Masalah bermula ketika para Muslim di Pattani, dengan latar belakang sejarah yang cukup kompleks, yakni berasal dari etnis Muslim melayu, di mana seluruh aspek kehidupan yang dilakukan oleh kelompok Muslim berkiblat kepada Melayu. Bahkan kelompok Muslim ini juga menerapkan sistem hukum Islam sebagai landasan dalam menjalankan kehidupan keberagamaan yang dijalankan. Pada tahun 1932, Pemerintah Thailand menerapkan sistem pendidikan nasional yang menyatukan seluruh kelompok agama dalam satu bangsa. Nasionalisme yang diusung oleh pemerintah Thailand, berdampak negatif terhadap nilai-nilai religiusitas dan nilai lokal yang selama ini dimiliki oleh Muslim Pattani.

Muslim Melayu menolak kebijakan ini karena mengakibatkan dekulturisasi Melayu. Penolakan ini dikarenakan dua hal: pertama, kewajiban menggunakan bahasa Thai dalam pengajaran dianggap mengancam keberadaan bahasa Melayu. Bagi orang Melayu Muslim, bahasa Siam adalah bahasa asing karena tidak digunakan dalam kehidupan sehari hari. Penggunaan bahasa yang berbeda antara di sekolah dan di luar sekolah akan mengakibatkan kebingungan anak didik. Kedua, tidak adanya ruang untuk mempelajari Islam dalam bahasa Siam.

Hal ini dikarenakan Siam identik dengan Buddha, sehingga penggambaran-penggambaran dalam materi pembelajaran dianggap sebagai upaya memasukkan ajaran Buddha ke dalam pendidikan Islam. Penolakan Muslim terhadap kebijakan pemerintah mengakibatkan tidak diberikannya dana pendidikan bagi sekolah Muslim. Madrasah atau pondok yang tidak mengikuti kurikulum pemerintah tidak terdaftar dalam kementerian pendidikan.

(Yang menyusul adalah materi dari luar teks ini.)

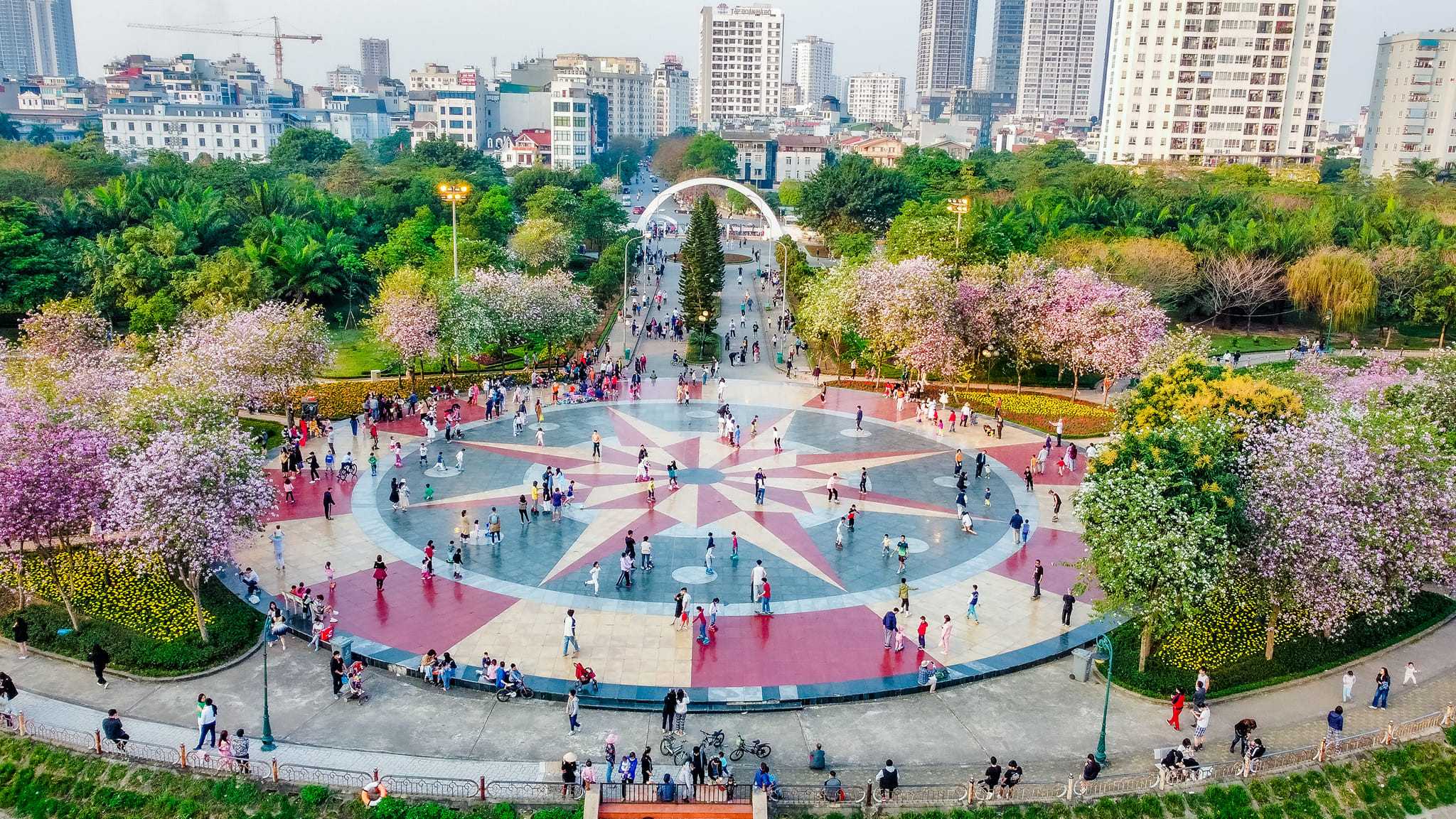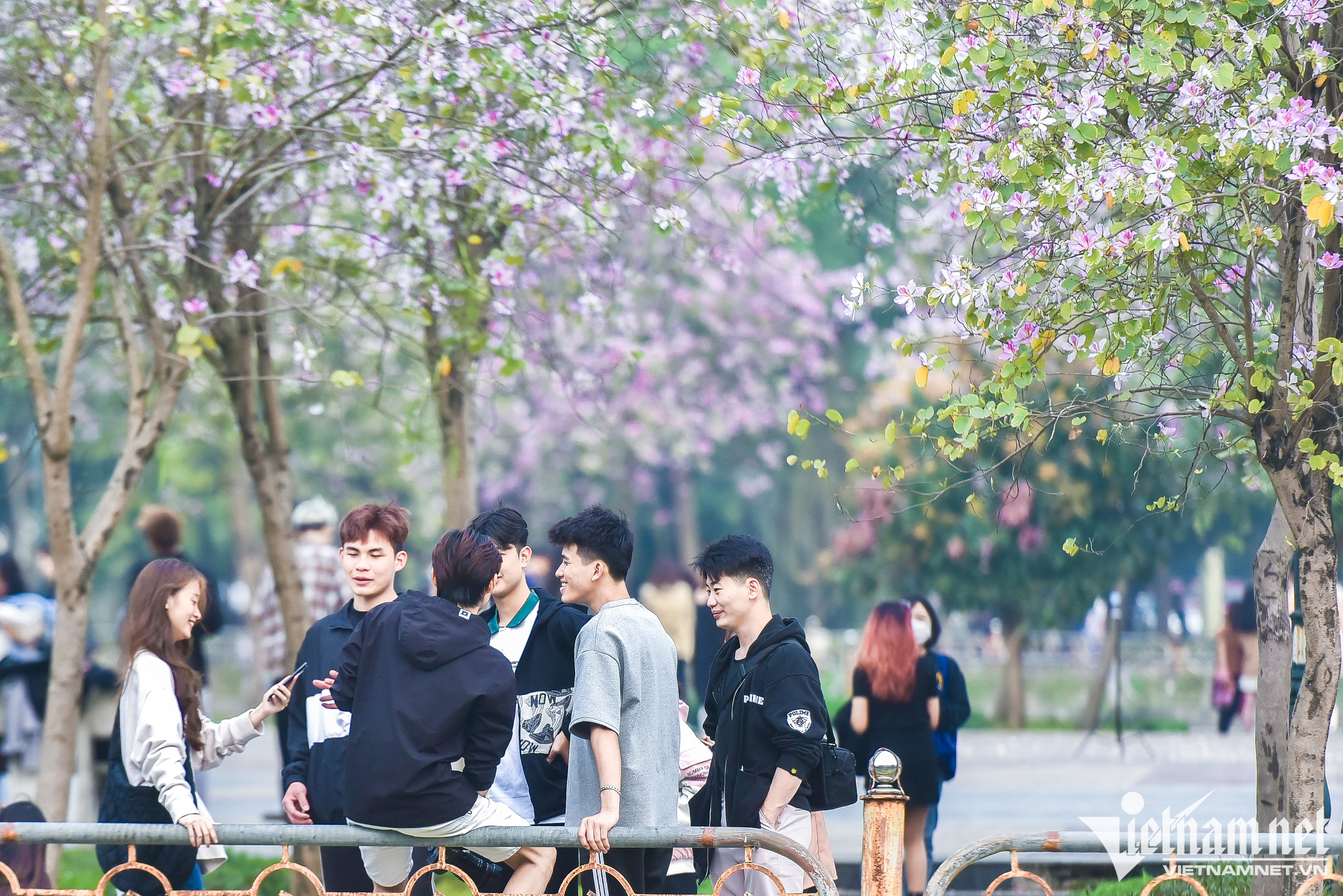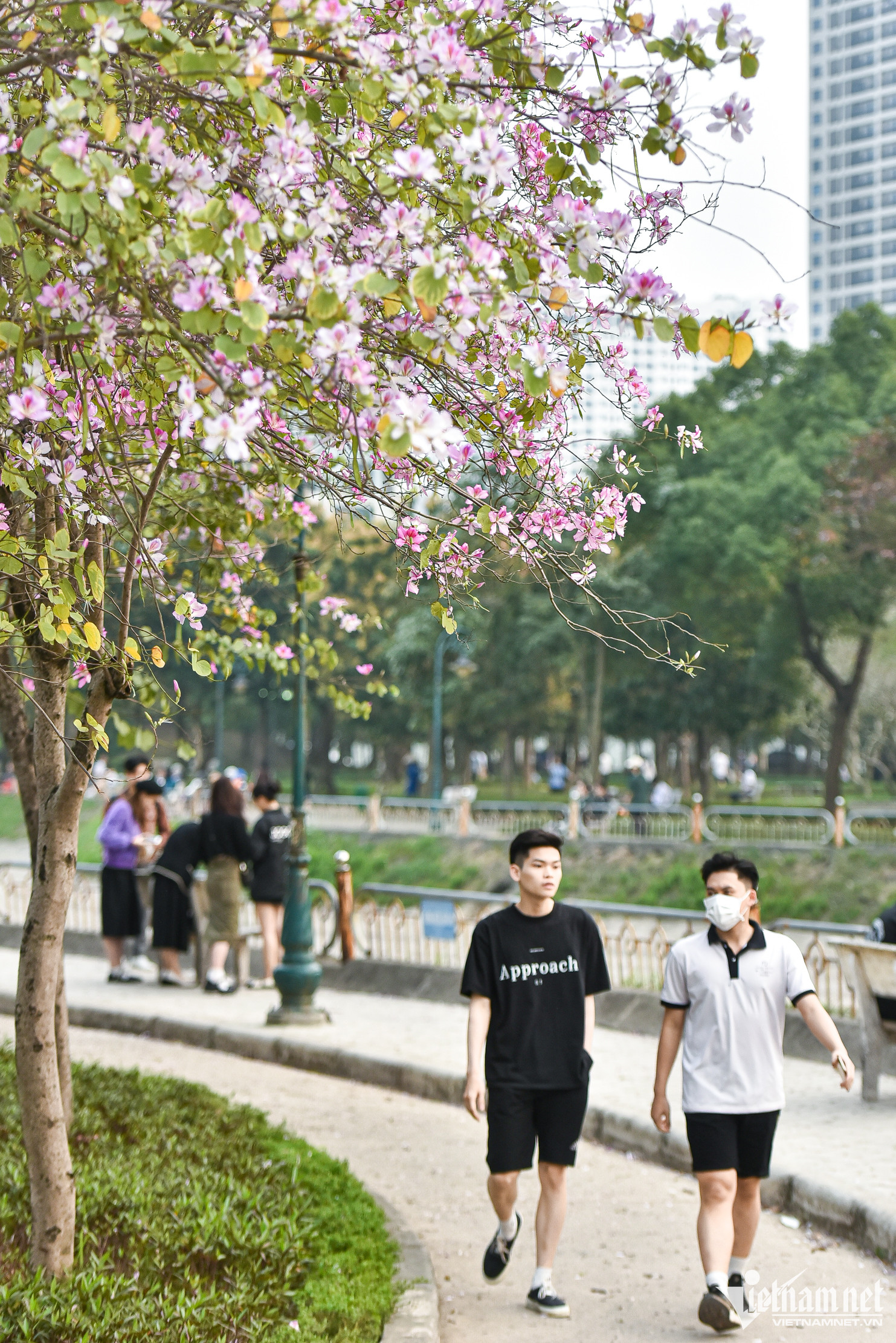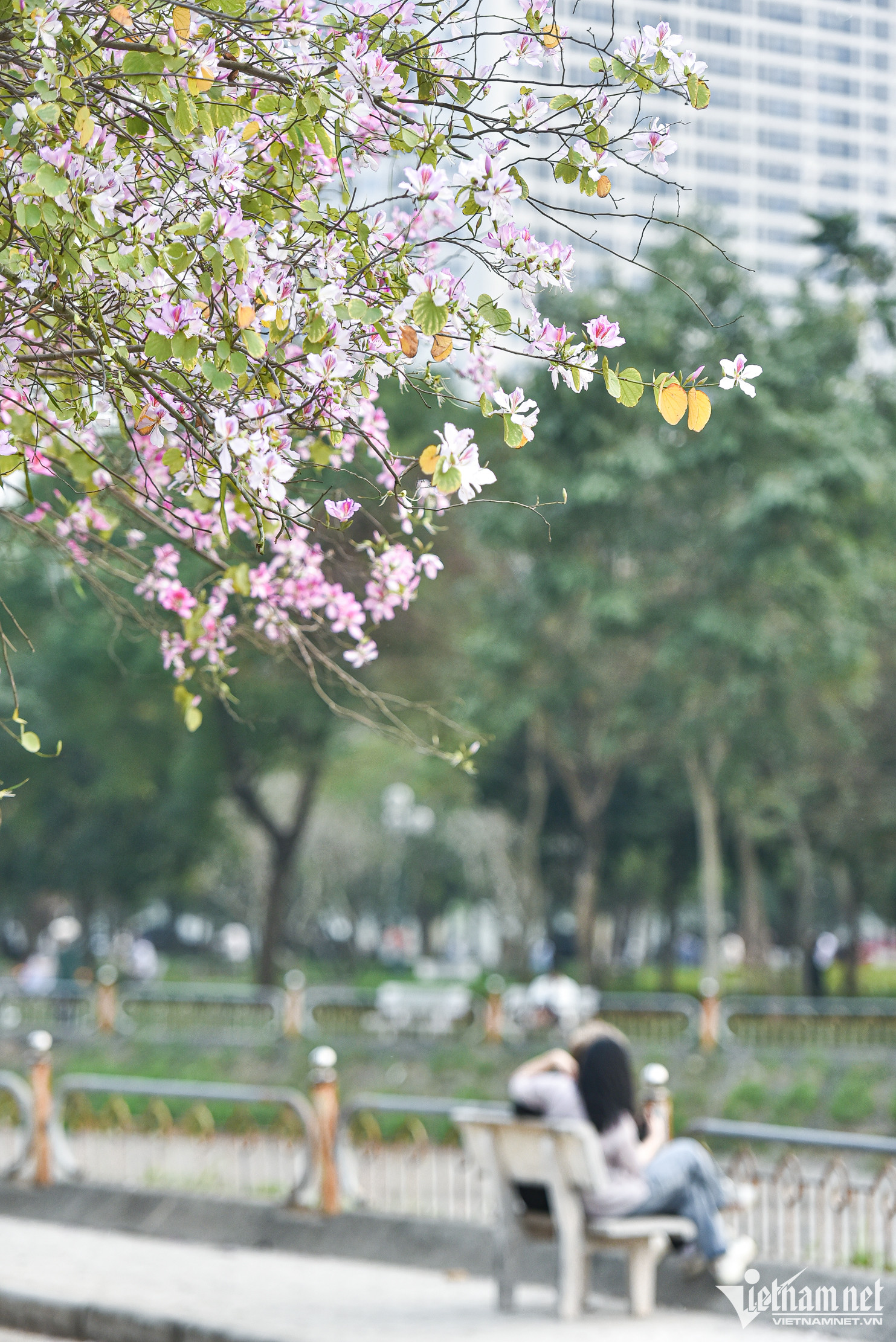 Những ngày đầu tháng ba, nhiều con đường, góc phố Hà Nội nhuộm trong màu tím phớt hồng của hoa ban - loài hoa đặc trưng ở vùng núi rừng Tây Bắc, được đem về Thủ Đô trồng từ những năm 1960 Hoa ban có 4 đến 5 cánh mềm mại, khi nở xòe thành hình quạt. Mùa hoa nở, sắc trắng điểm màu phớt hồng, hồng tím mộng mơ, lan tỏa mùi hương thoang thoảng, nhẹ nhàngTrước đây, tại Hà Nội, người dân và du khách yêu thích hoa ban thường tìm tới đường Nguyễn Du, Hoàng Diệu, Trần Phú, Thanh Niên, Bắc Sơn, khu đô thị Ciputra... Năm nay, địa điểm "gây sốt" trên mạng xã hội lại là hàng hoa ban ven hồ ở công viên Cầu GiấyKhác với những con đường hoa ban trong thành phố, hoa ban tại công viên Cầu Giấy được trồng bao quanh quảng trường, ven hồ nước. Nhìn từ trên cao, loài hoa của núi rừng Tây Bắc tạo nên màu sắc nên thơ, lãng mạn cho không gian (Ảnh: Vương Lộc)Anh Vương Lộc (Thanh Xuân - Hà Nội), một người mê nhiếp ảnh chia sẻ: "Tôi tình cờ đi ngang qua công viên Cầu Giấy. Khi thấy hoa ban nở rộ, tôi tới chụp hình, ghi lại khoảnh khắc. Loài hoa này mang vẻ đẹp bình dị, không quá sặc sỡ nhưng khi nở thì "máu lửa", hoa mọc dày đặc, dường như rất ít lá. Những cành cây nhỏ bé, khẳng khiu vẫn mọc dày hoa, tràn trề sức sống".Hàng cây hoa ban này nằm trong khuôn viên công viên thoáng đãng, không có xe cộ đi lại nên yên tĩnh, an toàn. Du khách mất từ 8.000 - 10.000 đồng gửi xe để có thể vào ngắm hoa, chụp ảnh

BACA JUGA  Menyikapi Hasil Keputusan MK: Mari Belajar Bernegara dengan Bijak

Kebijakan ini berdampak buruk terhadap kehidupan kelompok Muslim karena secara jenjang karir di masa yang akan datang, kelompok Muslim tidak mendapatkan hak yang setara sebagai warga negara. Pergolakan konflik ini terus mengakar karena kelompok Muslim dianggap sebagai kelompok penentang. Padahal, penentangan tersebut dilakukan dalam rangka mempertahakan nilai-nilai yang selama ini sudah menjadi pijakan kehidupan kelompok Muslim.

Perjuangan Para Perempuan Sipil Muslim Thailand

Salah satu upaya yang dilakukan oleh perempuan Muslim Thailand adalah ruang kesadaran untuk memahami konflik yang terjadi di negaranya. Sebagai kelompok minoritas yang mendapatkan diskriminasi dari mayoritas serta tidak mendapatkan perhatian dari pemerintah Thailand, para perempuan yang hidup di daerah tersebut harus memiliki daya tahan yang cukup kuat menghadapi setiap gejolak yang ada.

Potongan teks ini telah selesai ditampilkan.